> Records supplied:
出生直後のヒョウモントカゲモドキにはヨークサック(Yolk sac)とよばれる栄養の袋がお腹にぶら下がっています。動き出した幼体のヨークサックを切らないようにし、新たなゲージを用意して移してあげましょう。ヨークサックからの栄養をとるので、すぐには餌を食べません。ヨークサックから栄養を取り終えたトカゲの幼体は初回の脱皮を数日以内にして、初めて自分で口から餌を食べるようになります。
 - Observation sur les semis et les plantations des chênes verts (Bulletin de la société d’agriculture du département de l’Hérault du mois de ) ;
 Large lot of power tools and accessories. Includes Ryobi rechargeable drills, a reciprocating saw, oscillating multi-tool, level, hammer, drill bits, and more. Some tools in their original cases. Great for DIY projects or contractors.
==
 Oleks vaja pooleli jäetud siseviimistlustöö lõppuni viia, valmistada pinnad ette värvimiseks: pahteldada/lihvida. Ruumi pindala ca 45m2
==
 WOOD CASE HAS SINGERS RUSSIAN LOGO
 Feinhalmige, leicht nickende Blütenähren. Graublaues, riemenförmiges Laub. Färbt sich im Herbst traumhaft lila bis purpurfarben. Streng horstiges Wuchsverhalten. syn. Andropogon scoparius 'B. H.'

> Exercise goal:
For this exercise, output exactly the lines above from the line with "WOOD CASE HAS SINGERS RUSSIAN LOGO" to the line with "Feinhalmige, leicht nickende", counting both, and leave out the rest.

> Output of the exercise:
 WOOD CASE HAS SINGERS RUSSIAN LOGO
 Feinhalmige, leicht nickende Blütenähren. Graublaues, riemenförmiges Laub. Färbt sich im Herbst traumhaft lila bis purpurfarben. Streng horstiges Wuchsverhalten. syn. Andropogon scoparius 'B. H.'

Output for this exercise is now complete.